Art indicated the purple shape with the tip of a sharp, surgical instrument.
“There,” he said. “And I bet we’ve each got one.”
“What is it?” asked Ben’s voice, hushed and a little nauseated.
“I don’t know,” said Art harshly. “How the devil would I be able to tell? But I found organisms in the bloodstreams of those of us I’ve taken blood samples from—organisms like spores, that look like this, only smaller, microscopic in size.”
“You didn’t tell me that!” said Milt, turning quickly to face him.
“What was the point?” Art turned toward the Team captain. Jerry saw that the medician’s long face was almost bloodless. “I didn’t know what they were. I thought if I kept looking, I might know more. Then I could have something positive to tell you, as well as the bad news. But—it’s no use now.”

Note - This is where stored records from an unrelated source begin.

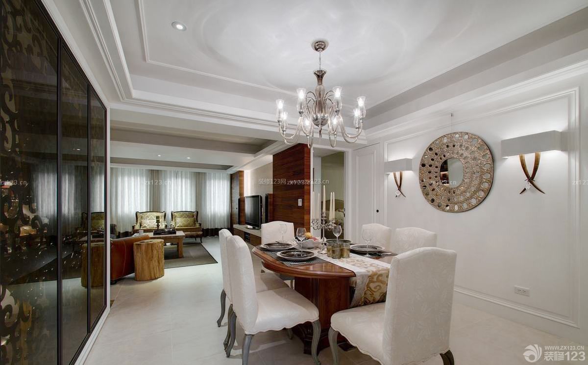 踏入玄關,夾以雙面茶鏡的鐵件屏風,以法式線板包覆中式線條,華麗的繁復感加乘上細膩的留白,疊影出了客、餐廳空間,也帶出整體的混搭風情。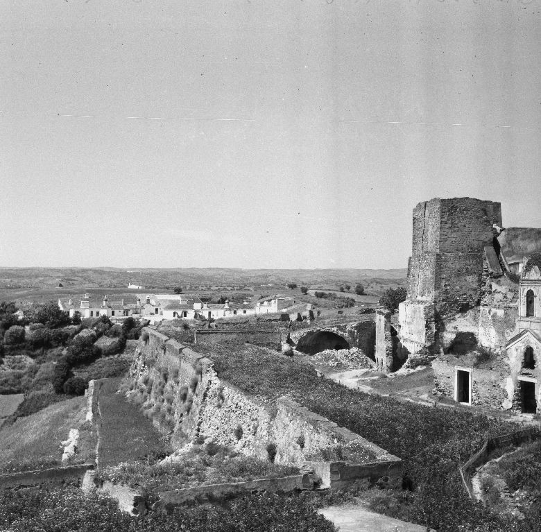 Fortaleza de Juromenha: vista dos baluartes, das ruínas da Torre de Menagem e das ruínas da Igreja da Misericórdia.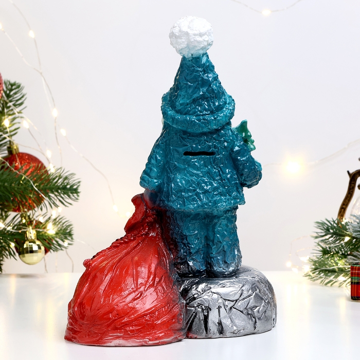 Копилка "Дед мороз с мешком" красная, 25х21см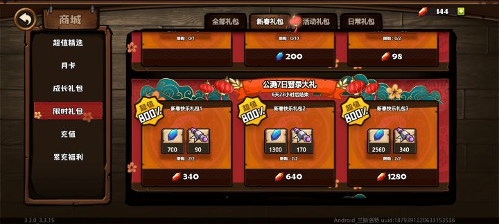 新春礼包不如活动礼包新春值800的340礼包:90卷➕700砖石=100卷➕100砖石活动值650的30礼包*11=330:110卷➕330砖石换算成卷 活动礼包比新春礼包多10卷和230砖石 还便宜了10红砖石策划赶紧补偿我999999999抽#小小军团重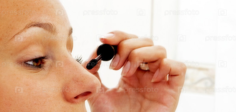 Молодая женщина красит ресницы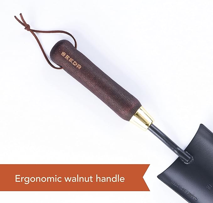 - MADE TO MATCH YOUR GARDEN: With black carbon steel and walnut-stained wooden handles, this garden tool set blends modern elegance with rustic function to compliment the beauty you create in your yard.
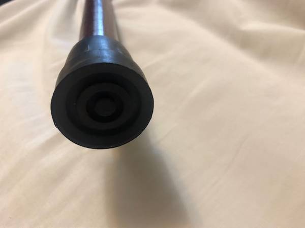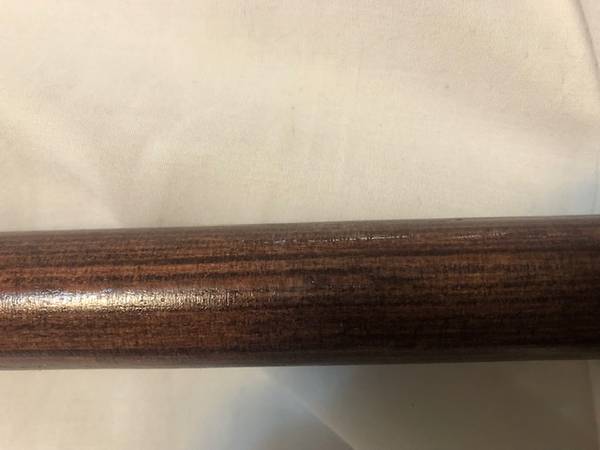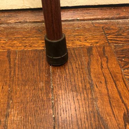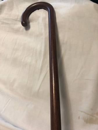 Vintage wooden cane, 36” from crook of cane to bottom of rubber tip. The tip is marked NEV-A-SLIP 392. It is a hard wood. The cane looks like its never been used. It has some minor scratches.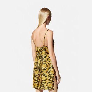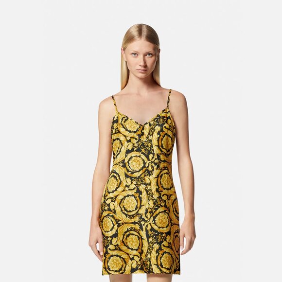 Authentic Versace. New with tags. Crafted from silk twill, this pajama slip dress features an all-over gold and black Barocco print. Ideal for luxurious evenings. Sleeveless. Shoulder straps. 100% Silk. Versace size 5 is equivalent to XL.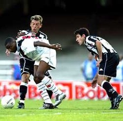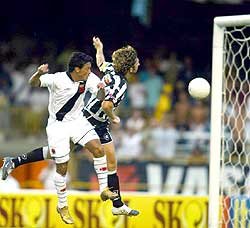 chutou forte. A bola acabou desviando na zaga e o arqueiro vascaíno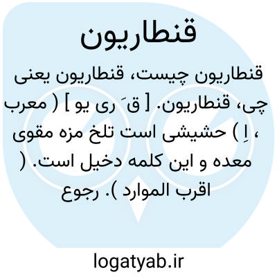 قنطاریون. [ ق َ ری یو ] ( معرب، اِ ) حشیشی است تلخ مزه مقوی معده و این کلمه دخیل است. ( اقرب الموارد ). رجوع به قنطوریون شود.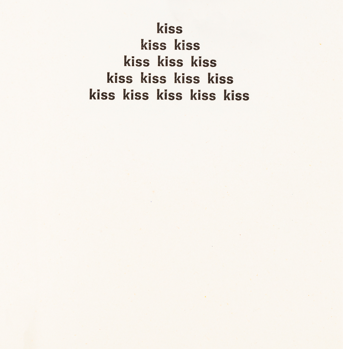 Libro d'arte illustrato (con il susseguirsi delle pagine la parola 'Kiss' viene ripetuta sino ad occupare l'intera pagina)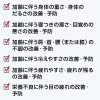 効能・効果 | ★疲労の回復・予防 ★日常生活における栄養不良に伴う身体不調の改善・予防:疲れやすい・疲れが残る・体力がない・身体が重い・身体がだるい、肩・首・腰又は膝の不調、二日酔いに伴う食欲の低下・だるさ、寝付きが悪い・眠りが浅い・目覚めが悪い、肌の不調(肌荒れ、肌の乾燥)、冷えやすい・血行が悪い、目の疲れ ★体力、身体抵抗力又は集中力の維持・改善 ★虚弱体質(加齢による身体虚弱を含む。)に伴う身体不調の改善・予防:疲れやすい・疲れが残る・体力がない・身体が重い・身体がだるい、肩・首・腰又は膝の不調、寝付きが悪い・眠りが浅い・目覚めが悪い、肌の不調(肌荒れ、肌の乾燥)、冷えやすい・血行が悪い、胃腸が弱く腹痛や下痢を起こしやすい ★病中病後の体力低下時、発熱を伴う消耗性疾患時、食欲不振時、妊娠授乳期又は産前産後等の栄養補給 |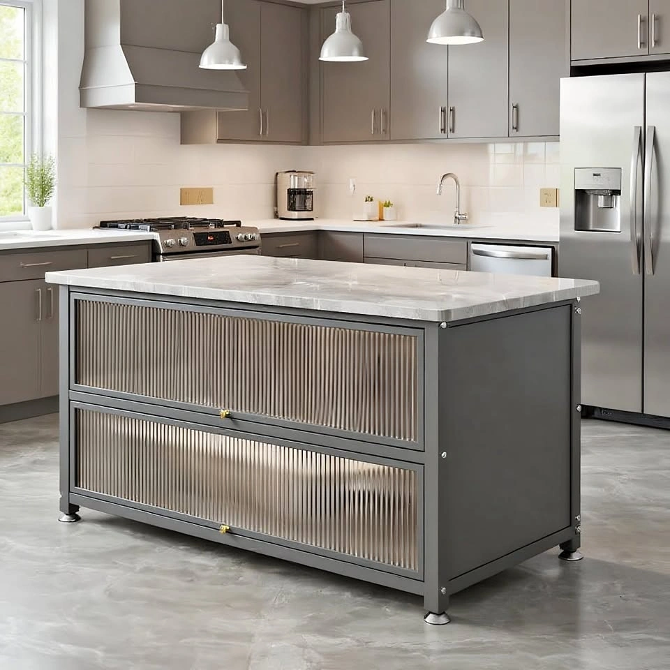 The cabinet doors open to reveal organized compartments that help streamline your storage system. Place small appliances like blenders or rice cookers inside when not in use. This reduces visual clutter and enhances your space.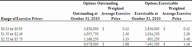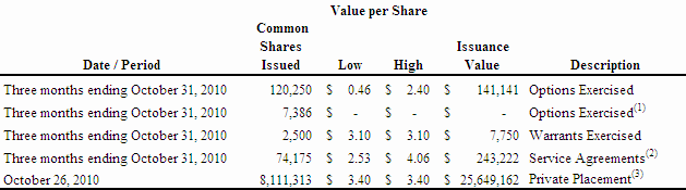 As at October 31, 2010, we had 9,078,000 stock options and 9,285,041 share purchase warrants outstanding. The outstanding stock options have a weighted average exercise price of $1.68 per share and the outstanding warrants have a weighted average exercise price of $3.36 per share. Accordingly, as at October 31, 2010, the outstanding options and warrants represented a total of 18,363,041 shares issuable for proceeds of approximately $46,448,778 if these options and warrants were exercised in full. The exercise of these options and warrants is at the discretion of the holders and, accordingly, there is no assurance that any of these options or warrants will be exercised.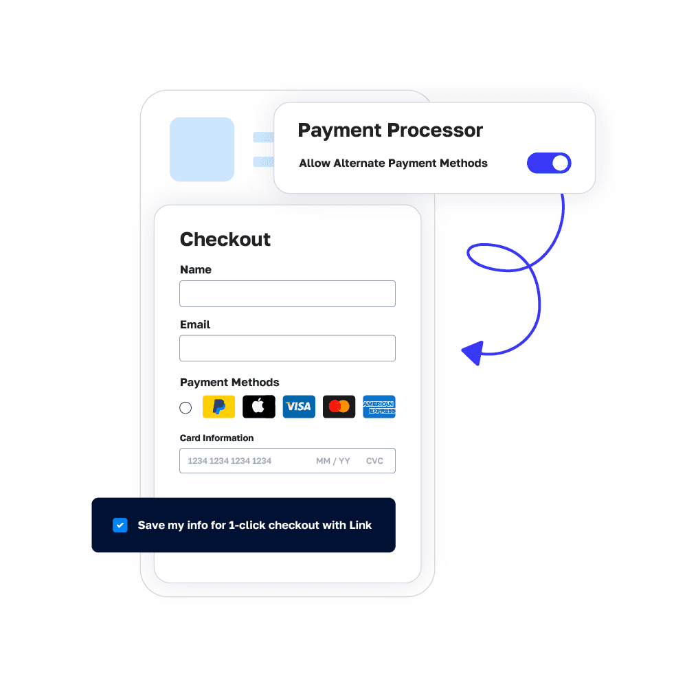 In partnership with Stripe’s world-class payment processing technology, we’ve created One-Click Checkout by Stripe. Your customers can leverage their securely saved credit card information and complete purchases within seconds with just their email address, even if they’ve never purchased from you before.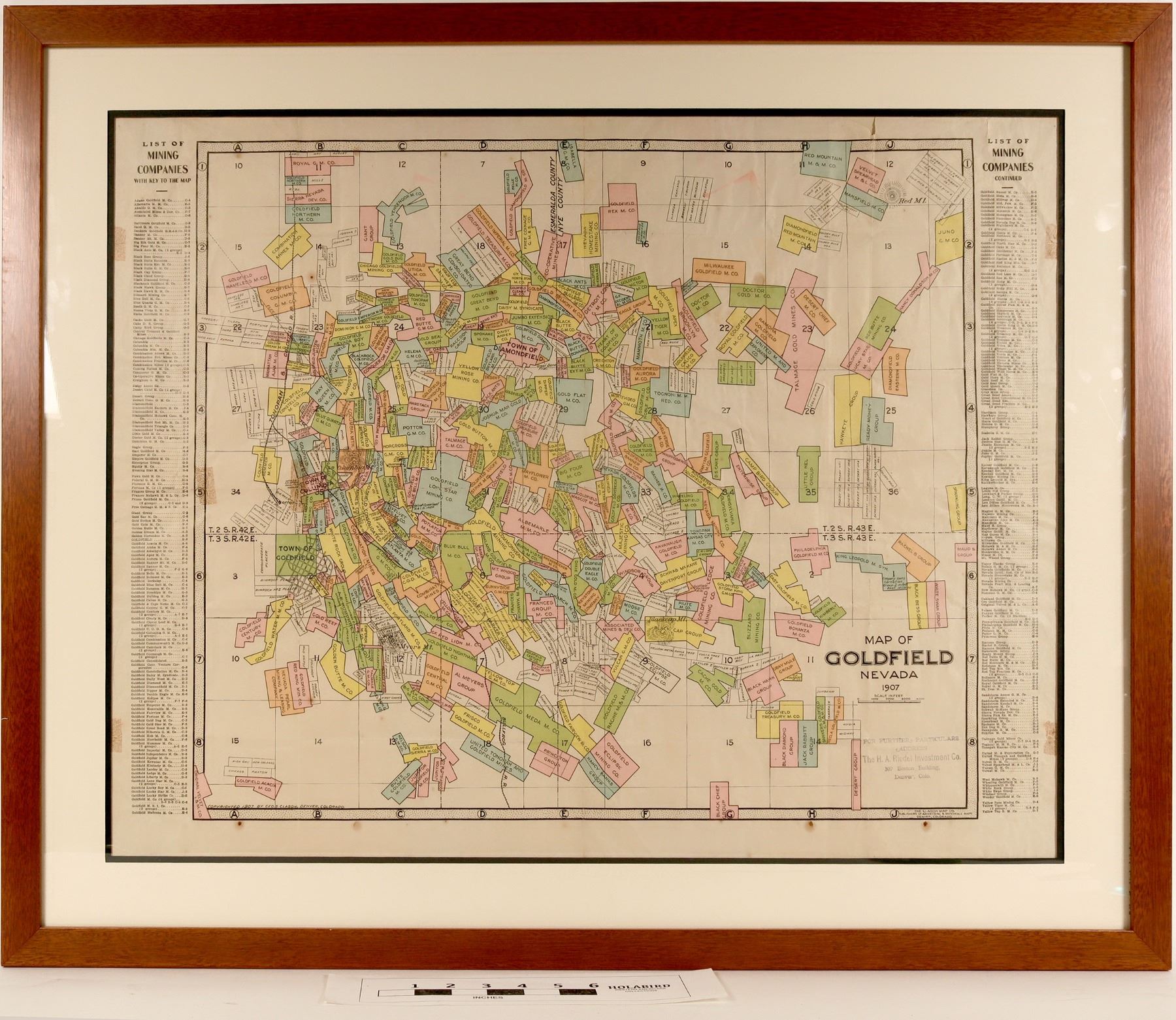 Map of Goldfield, Nevada, 1907, by The Clason Map Co., publishers of Advertising & Reference Maps, Denver, Colorado. Includes an extensive alphabetical list of mining companies along the left and right margins along with the claim boundaries of the mining claims in and around the town of Goldfield. All the colors are still bright and vibrant. This map is from one of the best collection of mining ephemera anywhere, and it has been professionally mounted in a pecan(?) frame and plexiglas, 27-1/2 x 21-1/2 inches. There is a minor half-inch tear along the top edge of the map, four old tape marks along the left and right edges, and a quarter-inch circular stain along the bottom edge that probably came from the metal clasp of the envelope that once held this map when it was published. Other than that, you may never find another copy of this map available in better condition in your lifetime. It will be a prized display piece on whatever wall you hang it.

“Why do you say that?” snapped Milt.
“Because it’s the truth.” Art’s face seemed to slide apart, go loose and waxy with defeat. “As long as it was something nonphysical we were fighting, there was some hope we could throw it off. But—you see what’s going on inside us. We’re being changed physically. That’s where the nightmares come from. You can’t overcome a physical change with an effort of will!”
“What about the Grotto at Lourdes?” asked Jerry. His head was whirling strangely with a mass of ideas. His own great-grandfather—the family story came back to mind—had been judged by his physician in 1896 to have advanced pulmonary tuberculosis. Going home from the doctor’s office, Simon Fraser McWhin had decided that he could not afford to have tuberculosis at this time. That he would not, therefore, have tuberculosis at all. And he had dismissed the matter fully from his mind.
One year later, examined by the same physician, he had no signs of tuberculosis whatsoever.
But in this present moment, Art, curling up in his chair at the end of the table, seemed not to have heard Jerry’s question. And Jerry was suddenly reminded of the question that had brought him pelting back from the native village.